■ **Data extract**:
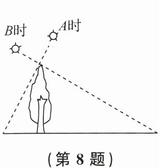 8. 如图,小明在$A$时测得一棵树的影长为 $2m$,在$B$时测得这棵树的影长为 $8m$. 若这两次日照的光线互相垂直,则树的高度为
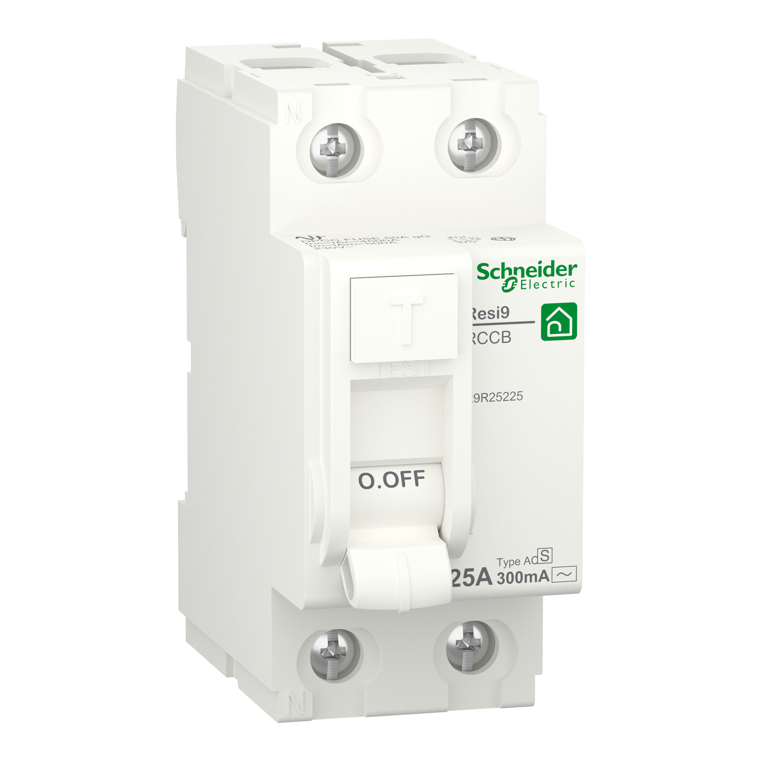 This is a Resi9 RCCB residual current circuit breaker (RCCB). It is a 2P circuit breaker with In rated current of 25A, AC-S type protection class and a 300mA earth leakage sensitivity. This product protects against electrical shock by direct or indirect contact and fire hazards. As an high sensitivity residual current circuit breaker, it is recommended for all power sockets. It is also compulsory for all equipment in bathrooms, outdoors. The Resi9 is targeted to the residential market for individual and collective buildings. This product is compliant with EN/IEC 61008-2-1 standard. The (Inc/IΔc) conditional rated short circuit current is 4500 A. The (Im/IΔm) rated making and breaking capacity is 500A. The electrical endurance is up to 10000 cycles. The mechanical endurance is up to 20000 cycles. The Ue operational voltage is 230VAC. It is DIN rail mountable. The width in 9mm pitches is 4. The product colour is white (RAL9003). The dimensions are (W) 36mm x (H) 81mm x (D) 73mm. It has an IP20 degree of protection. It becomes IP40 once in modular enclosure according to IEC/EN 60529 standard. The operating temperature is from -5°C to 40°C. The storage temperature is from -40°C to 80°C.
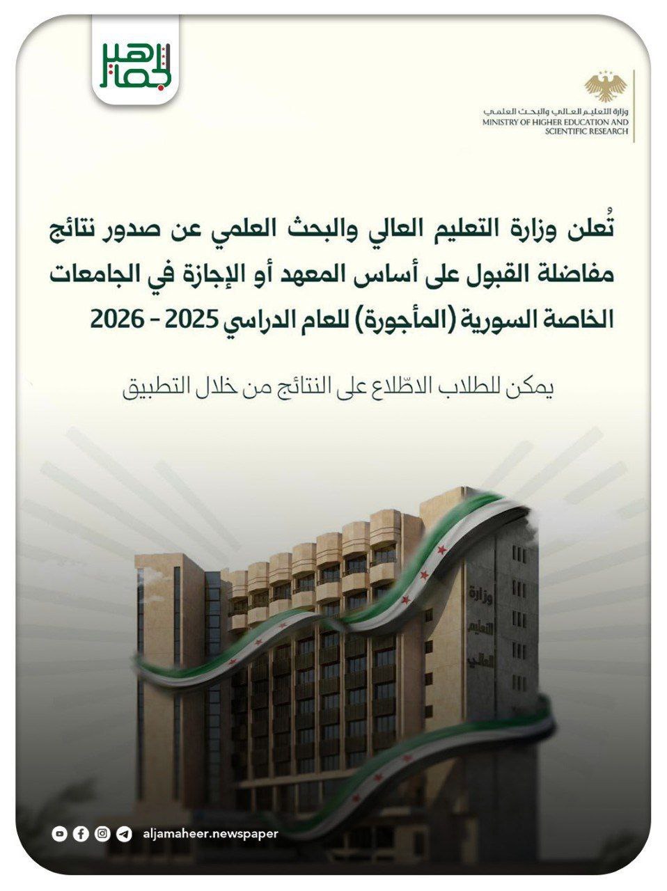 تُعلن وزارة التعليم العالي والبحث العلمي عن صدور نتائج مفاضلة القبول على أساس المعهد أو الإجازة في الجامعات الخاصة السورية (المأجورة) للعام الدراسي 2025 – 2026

■ **Exercise aim**: Transcribe the material exactly, and leave out whatever pictures it holds.

■ **Finished task**:
 8. 如图,小明在$A$时测得一棵树的影长为 $2m$,在$B$时测得这棵树的影长为 $8m$. 若这两次日照的光线互相垂直,则树的高度为
 This is a Resi9 RCCB residual current circuit breaker (RCCB). It is a 2P circuit breaker with In rated current of 25A, AC-S type protection class and a 300mA earth leakage sensitivity. This product protects against electrical shock by direct or indirect contact and fire hazards. As an high sensitivity residual current circuit breaker, it is recommended for all power sockets. It is also compulsory for all equipment in bathrooms, outdoors. The Resi9 is targeted to the residential market for individual and collective buildings. This product is compliant with EN/IEC 61008-2-1 standard. The (Inc/IΔc) conditional rated short circuit current is 4500 A. The (Im/IΔm) rated making and breaking capacity is 500A. The electrical endurance is up to 10000 cycles. The mechanical endurance is up to 20000 cycles. The Ue operational voltage is 230VAC. It is DIN rail mountable. The width in 9mm pitches is 4. The product colour is white (RAL9003). The dimensions are (W) 36mm x (H) 81mm x (D) 73mm. It has an IP20 degree of protection. It becomes IP40 once in modular enclosure according to IEC/EN 60529 standard. The operating temperature is from -5°C to 40°C. The storage temperature is from -40°C to 80°C.
 تُعلن وزارة التعليم العالي والبحث العلمي عن صدور نتائج مفاضلة القبول على أساس المعهد أو الإجازة في الجامعات الخاصة السورية (المأجورة) للعام الدراسي 2025 – 2026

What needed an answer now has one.